Your answer must be the lines from the one holding "Perfect Match: Our" through the final line of the entries below, copied exactly, with no pictures.

================

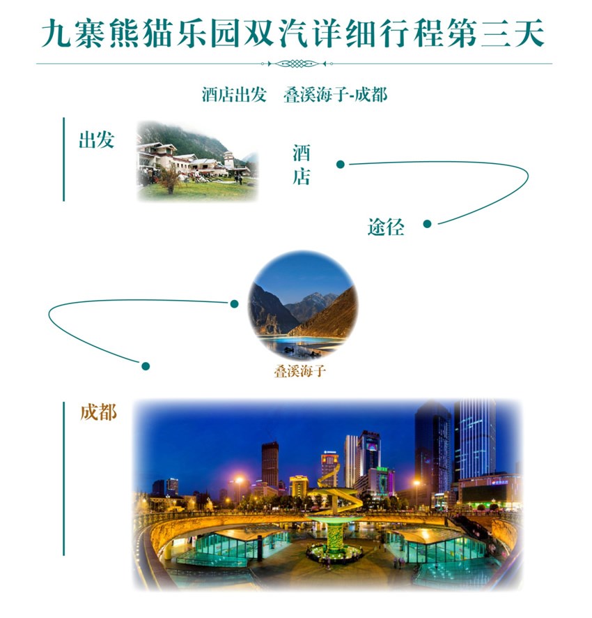早上酒店享用丰富的早餐后出发前往素有人间瑶池美誉的---黄龙风景区,旅行社精心安排的错峰游让您畅游黄龙,保证游览时间为3-4个小时。景区黄龙沟的数千个钙化彩池形态各异,流光泛彩,长达2500米的钙化硫池是世界之最。沿途主要景点有洗身洞、金沙铺地、盆景池、黄龙洞、黄龙寺、石塔镇海、五彩池、转花玉池等。游览时请量力而行(可自费乘索道上下,上80/人,下40/人)。后驱车前往川主寺品尝主题定制餐—国宝主题宴。用餐后直接乘车安全返回成都,预计晚上21:00左右抵达。
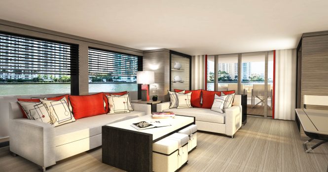 Architect and designer Patricia Urquiola was responsible for styling the interiors, which use a modular design to evolve and adapt with the needs of the Owners as well as the guests. A modern and pale colour scheme was chosen to enhance the sense of volume while sunlight streams in through the broad windows across the decks, and a nautical theme can be found in the cool grey and blue colour scheme. One way films were applied to the windows on the lower deck, allowing for greater privacy while docked at marinas without compromising on views or natural light.
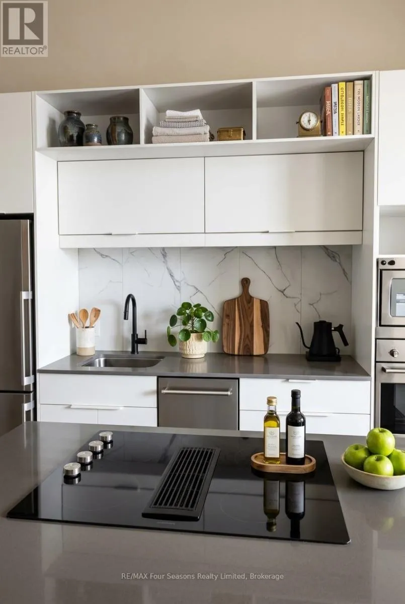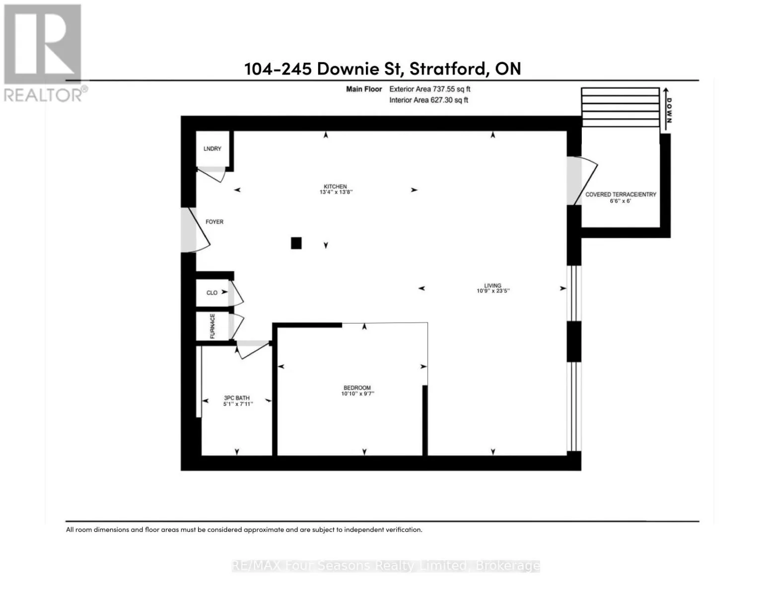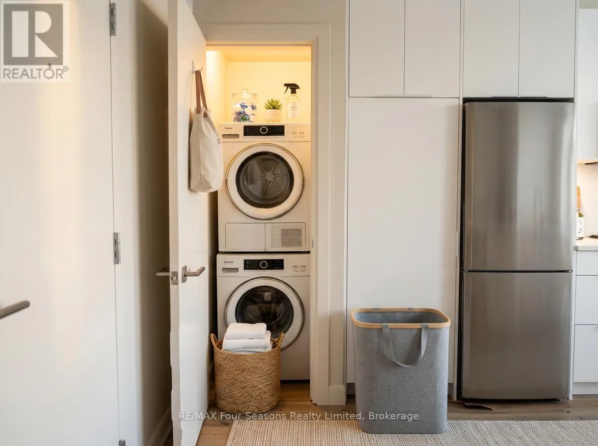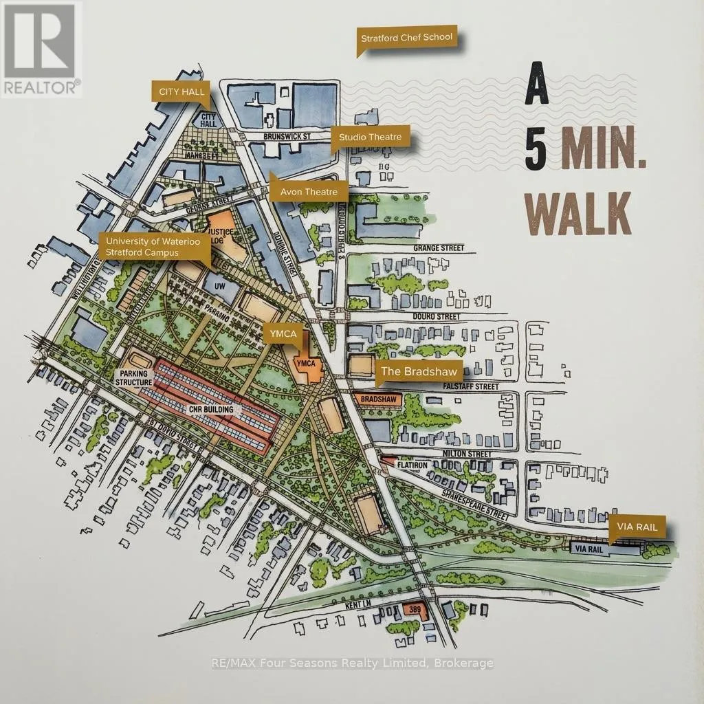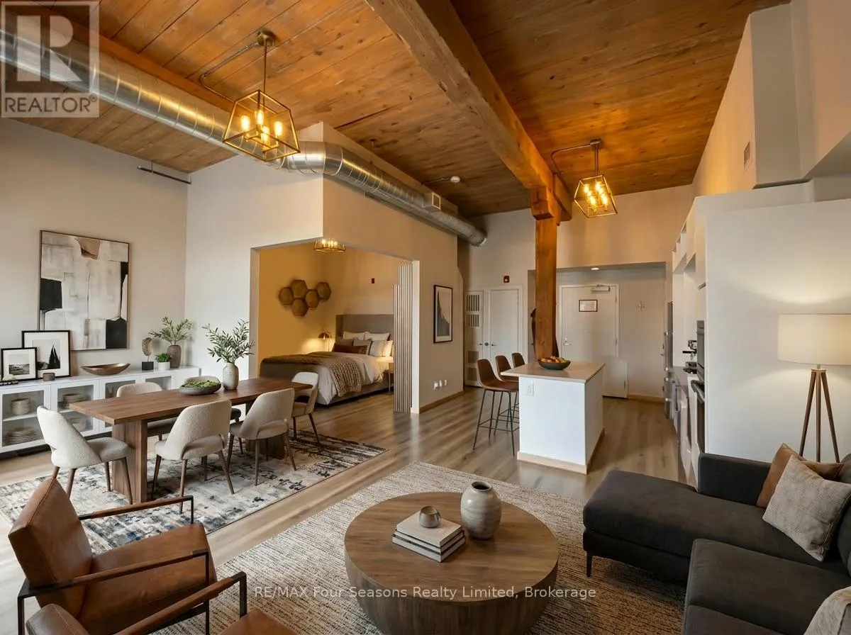 Cross Streets: Falstaff Street turn on Downie Street. ** Directions: From Ontario Street (Hwy 7/8), head south on Downie Street. Introducing a rare and storied offering in the heart of Stratford-a true loft residence within the iconic Bradshaw Lofts. Distinguished as the ONLY suite in the building with its own private entrance and exclusive terrace, this residence offers a level of privacy and individuality rarely found. Originally built in 1903 as a historic confectionery factory, the building has been thoughtfully transformed into a boutique loft conversion, seamlessly blending heritage character with modern design. Inside, the 627 sq ft interior is a striking expression of industrial elegance. Soaring 12-foot ceilings, exposed brick, and original timber beams create a dramatic architectural canvas, complemented by refined contemporary finishes including quartz countertops, hardwood flooring, in-suite laundry, and Energy Star integrated appliances. Expansive 8-foot windows flood the space with natural light, enhancing its open, gallery-like ambiance. Just steps from Brch & Wyn and a short stroll to Stratford's vibrant downtown-renowned for its world-class theatre, dining, and boutique shopping. Secure, well-managed building with video-monitored common areas. Condo fees include gas, water, and internet for added ease. Permitted short-term rental use offers exceptional lifestyle flexibility and income potential. (id:27476)
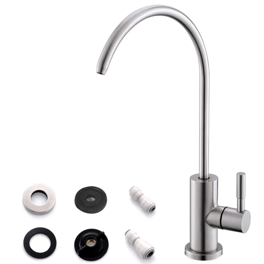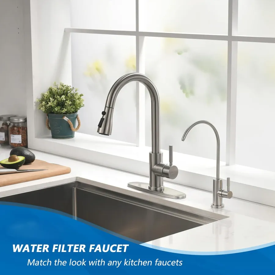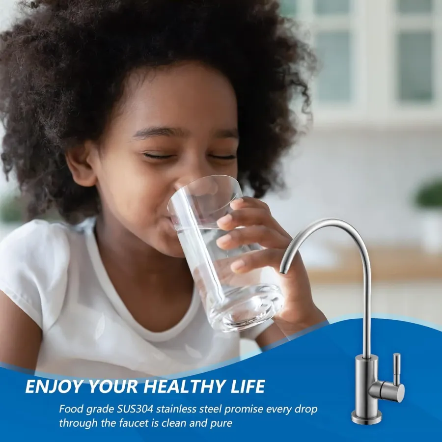 Perfect Match: Our sink drinking water faucet has a brushed nickel finish, no matter the size or shape, this reverse osmosis faucet can be matched with the appearance of various kitchen faucets. It is also suitable for stainless steel sinks or marble countertops.
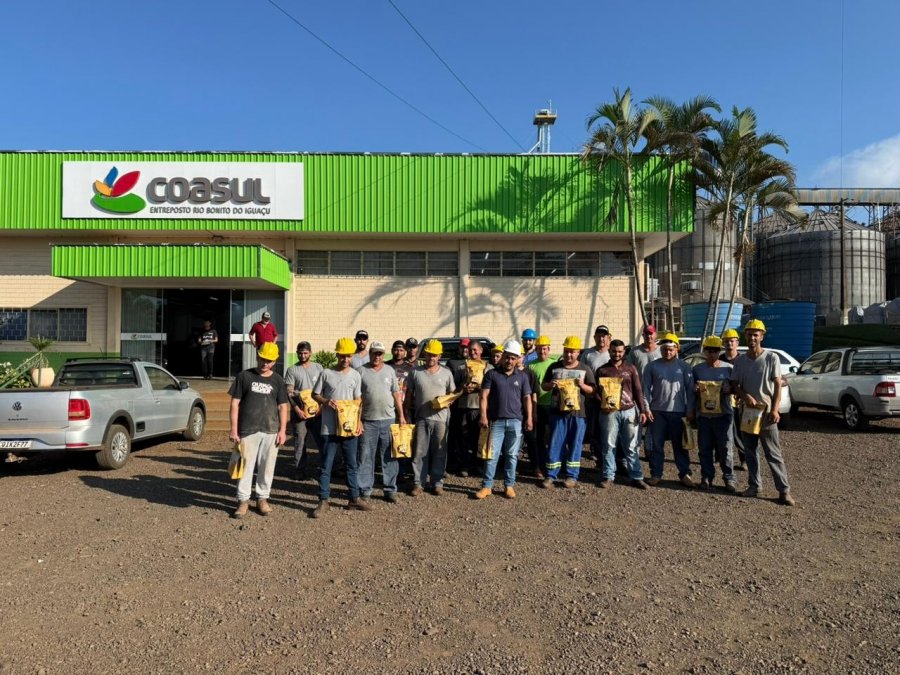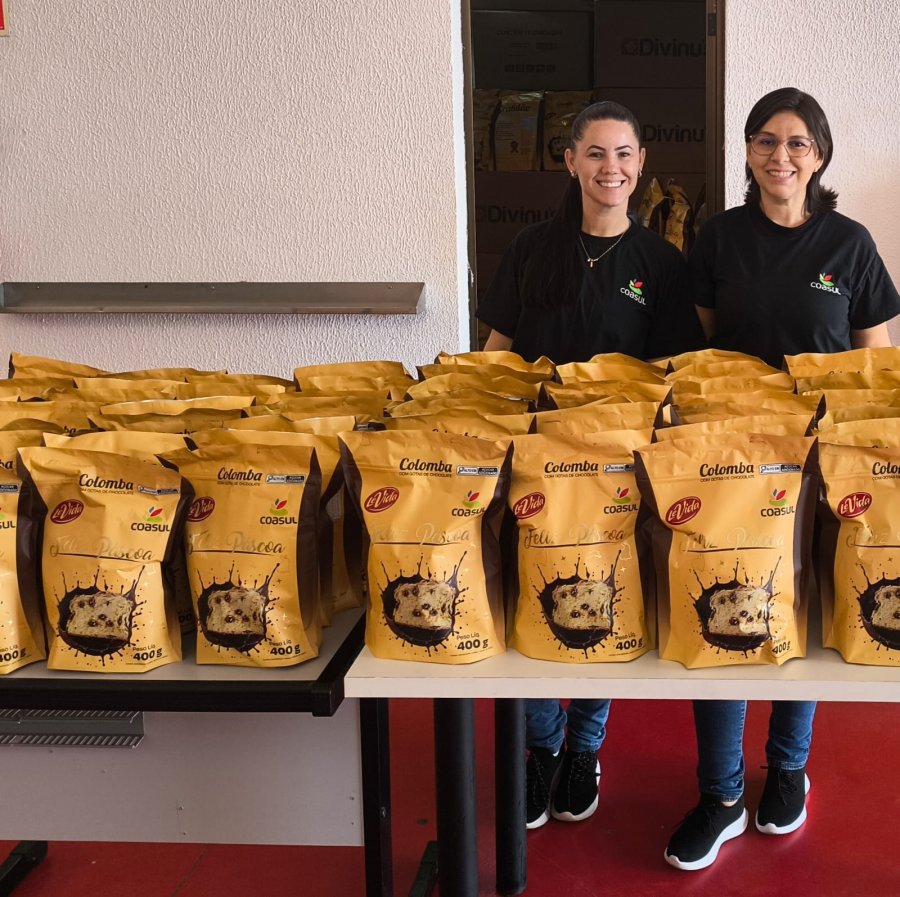 Colaboradores de todas as áreas da Coasul — entrepostos de grãos, postos de combustíveis, supermercados, abatedouro e fábricas de rações — receberam, nesta quinta-feira (2), uma colomba pascal em comemoração à Páscoa.
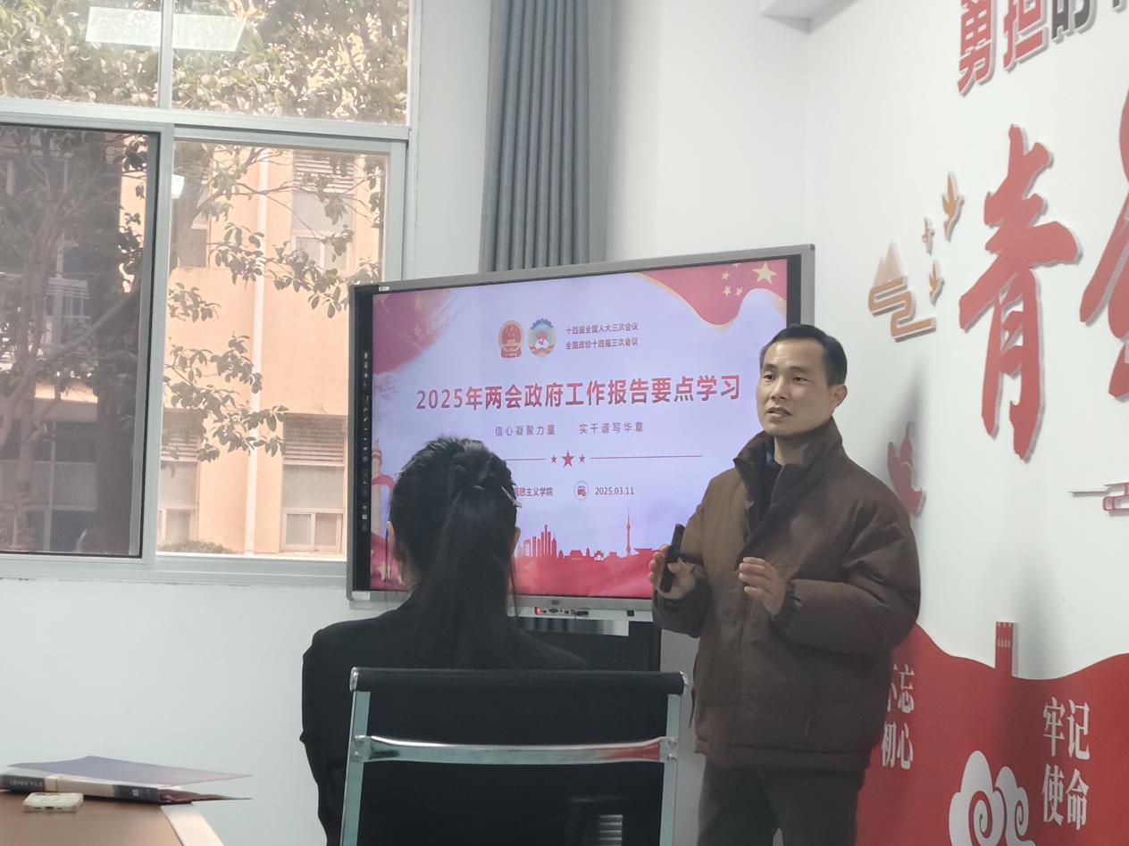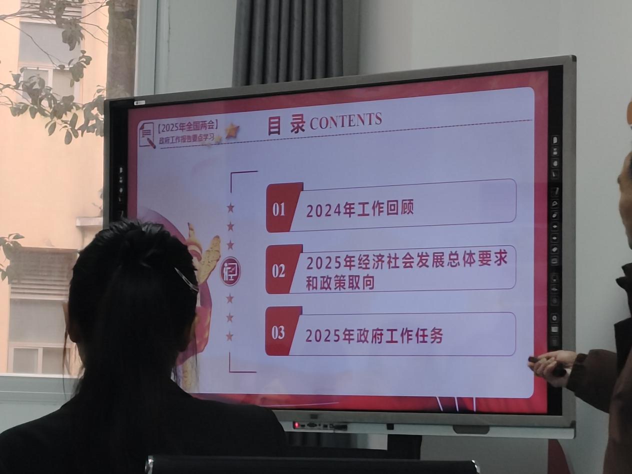 在宣讲过程中,俞少华老师就2025年两会政府工作报告要点展开宣讲。2025年全国两会再次为我们描绘了国家发展的宏伟蓝图,尤其是教育与经济领域的诸多要点,更是引发了党员和团员们的热烈讨论与深入学习。

================

— Problem solution —
 Perfect Match: Our sink drinking water faucet has a brushed nickel finish, no matter the size or shape, this reverse osmosis faucet can be matched with the appearance of various kitchen faucets. It is also suitable for stainless steel sinks or marble countertops.
 Colaboradores de todas as áreas da Coasul — entrepostos de grãos, postos de combustíveis, supermercados, abatedouro e fábricas de rações — receberam, nesta quinta-feira (2), uma colomba pascal em comemoração à Páscoa.
 在宣讲过程中,俞少华老师就2025年两会政府工作报告要点展开宣讲。2025年全国两会再次为我们描绘了国家发展的宏伟蓝图,尤其是教育与经济领域的诸多要点,更是引发了党员和团员们的热烈讨论与深入学习。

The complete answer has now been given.